## Your assignment
Every line from the start of the entries up to and including the one bearing "21LN 44mm 15cm" must be printed verbatim, without the pictures.

## Excerpted data
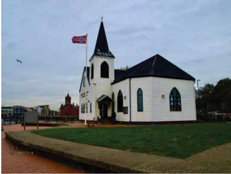
The Norwegian Church in Cardiff

history; a story of bonds between nations especially during times of war.
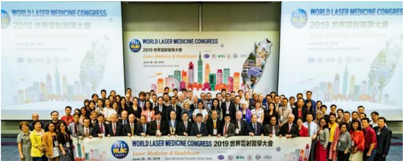
Congress Group Photo on June 29, 2019
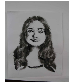
Using our fingerprints to create our portrait
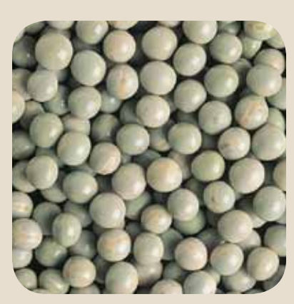
Dry Green Peas 'Cruiser': light green seed coat; dark green cotyledon
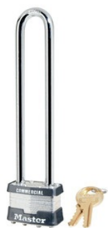
21LN 44mm 15cm
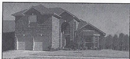
5105 LAKE BEND DRIVE $189,900 EXCEPTIONAL 4/2.5/2/LA W/SPARKLING POOL & SPA. 48" White kitchen cabinets, Tile flooring, 2 BR up/2 BR down. Oversized backyard has expanded aggregate & rock pool decking. LENA MILSTEAD 972/381-6620 #19562
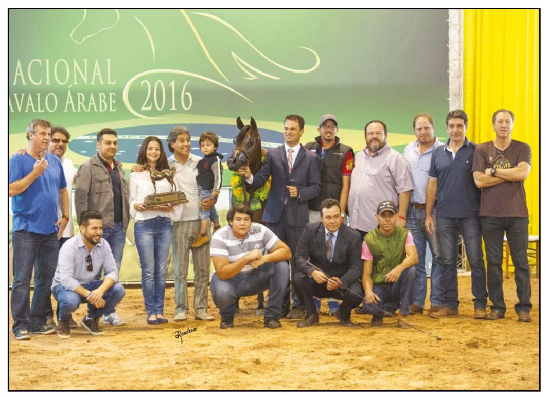
Gold National Champion Jr. Filly Roxane Johnny from Haras Johnny
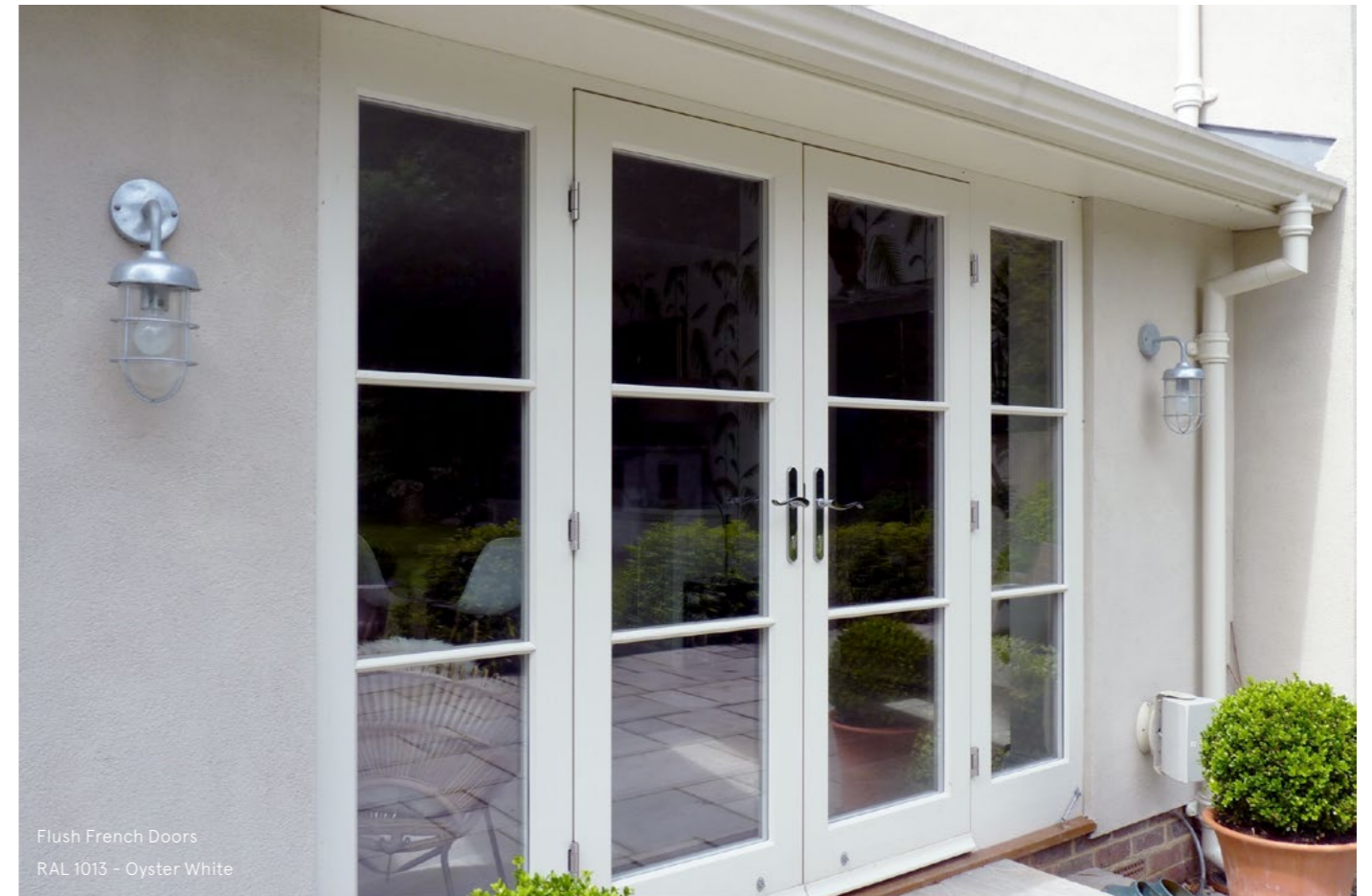
Flush French Doors RAL 1013 - Oyster White
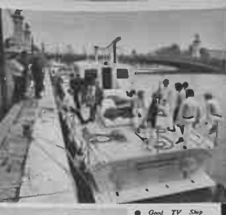
Good TV Ship Southerner on the Seine with the winged horses of the Pont Alexandre III in the background, Man in the tablecloth-check shirt is Mike Mansfield —talking Unit Four Plus Two.
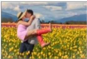
A Kiss in the Tulip Fields Image Id=17505488

You have reached the maximum entries allowed per person of 2 for this Competition. To submit a different image, you must first delete one of the already submitted images.
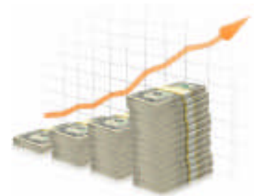
Unlock significant savings with one-time professional services

From historical audits to contract negotiations, our one-time professional services can kickoff your TEM program or be an add-on geared to identify further efficiencies after implementation. Asentinel provides the following a la carte options to accelerate optimization of their telecom programs: benchmarking, contract negotiation, historical audit, inventory build / validation, network optimization, service optimization and staff augmentation.

## Response area
The Norwegian Church in Cardiff

history; a story of bonds between nations especially during times of war.
Congress Group Photo on June 29, 2019
Using our fingerprints to create our portrait
Dry Green Peas 'Cruiser': light green seed coat; dark green cotyledon
21LN 44mm 15cm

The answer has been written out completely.